- **DIRECTIONS**:
An exact copy of all the data, minus the images, is required.

___ SUPPLIED MATERIAL

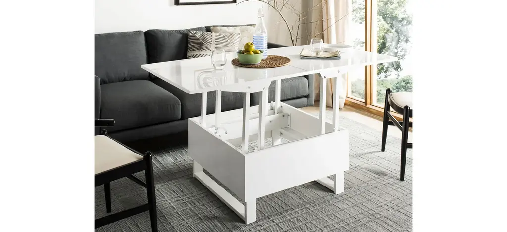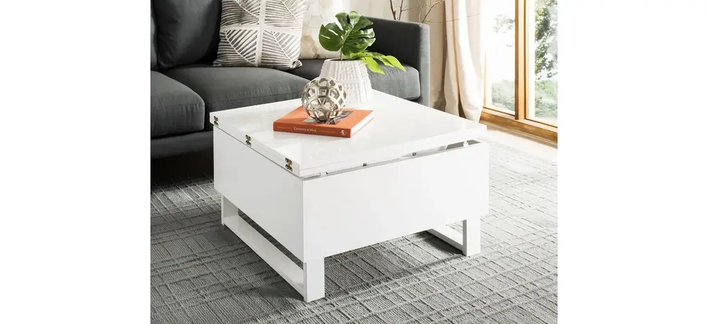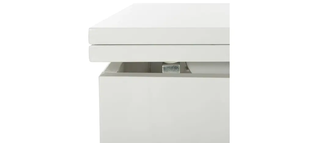 This lift top Dion coffee table was designed to recreate the contemporary furnishings that outfit the inner sanctuary of an iconic British designer. Designed to accommodate life's accoutrements, the depth of its white finish makes it an instant classic.
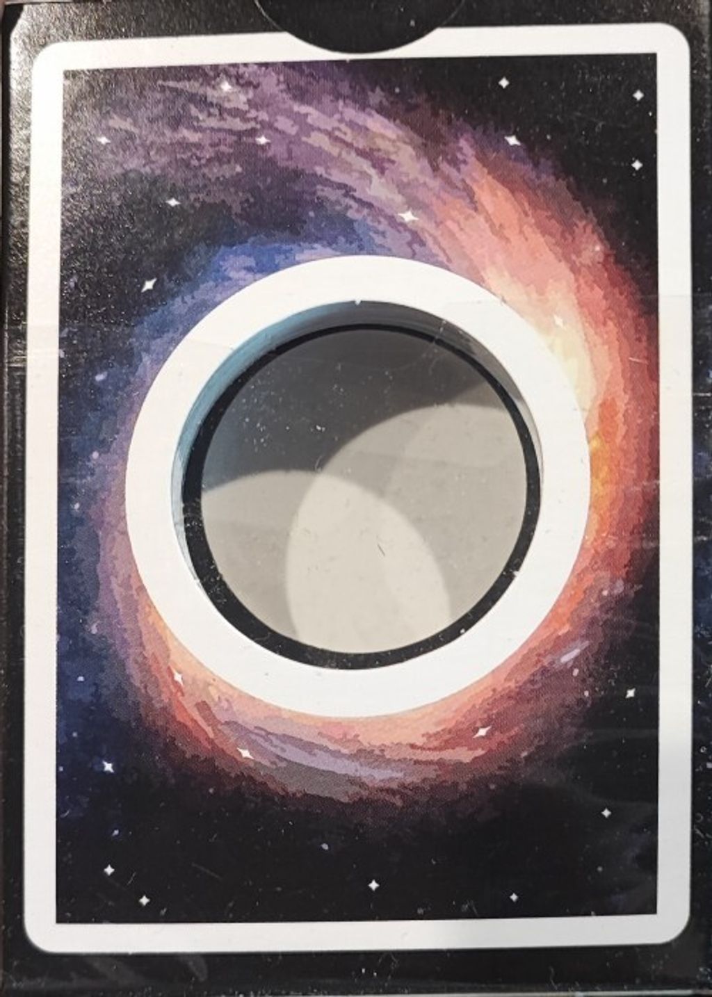 From the 2017 mind of Joe Feldpausch comes the Black Hole Edition Orbits! Joe and I have been talking about this idea for years but never found a proper way to accomplish what we wanted so we shelved it. 7 years later, we found a way to bring his idea to life and turned it into a polished final product with the help of my other half, the legend himself, Daniel Schneider on the artwork.The cards were printed at Cartamundi and have been in pre-production for over a year now. It took a lot for us to get to this point. The hole is the exact dimensions of the inside of our signature Orbit O on the back design. All the card faces are warped around the Black Hole.
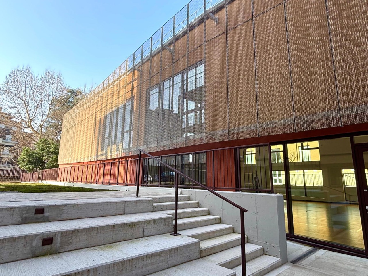 Sono terminati i lavori del Lotto 1 della Scuola Mazzi-Calvi a Bergamo, con nuovi volumi dedicati a palestra, sala polivalente e due mense. Gli spazi, di alta qualità tecnica e architettonica, potranno essere utilizzati sia dalla comunità scolastica sia dalla cittadinanza in orario extrascolastico.

______

- **OUTPUT FOR THIS EXERCISE**:
 This lift top Dion coffee table was designed to recreate the contemporary furnishings that outfit the inner sanctuary of an iconic British designer. Designed to accommodate life's accoutrements, the depth of its white finish makes it an instant classic.
 From the 2017 mind of Joe Feldpausch comes the Black Hole Edition Orbits! Joe and I have been talking about this idea for years but never found a proper way to accomplish what we wanted so we shelved it. 7 years later, we found a way to bring his idea to life and turned it into a polished final product with the help of my other half, the legend himself, Daniel Schneider on the artwork.The cards were printed at Cartamundi and have been in pre-production for over a year now. It took a lot for us to get to this point. The hole is the exact dimensions of the inside of our signature Orbit O on the back design. All the card faces are warped around the Black Hole.
 Sono terminati i lavori del Lotto 1 della Scuola Mazzi-Calvi a Bergamo, con nuovi volumi dedicati a palestra, sala polivalente e due mense. Gli spazi, di alta qualità tecnica e architettonica, potranno essere utilizzati sia dalla comunità scolastica sia dalla cittadinanza in orario extrascolastico.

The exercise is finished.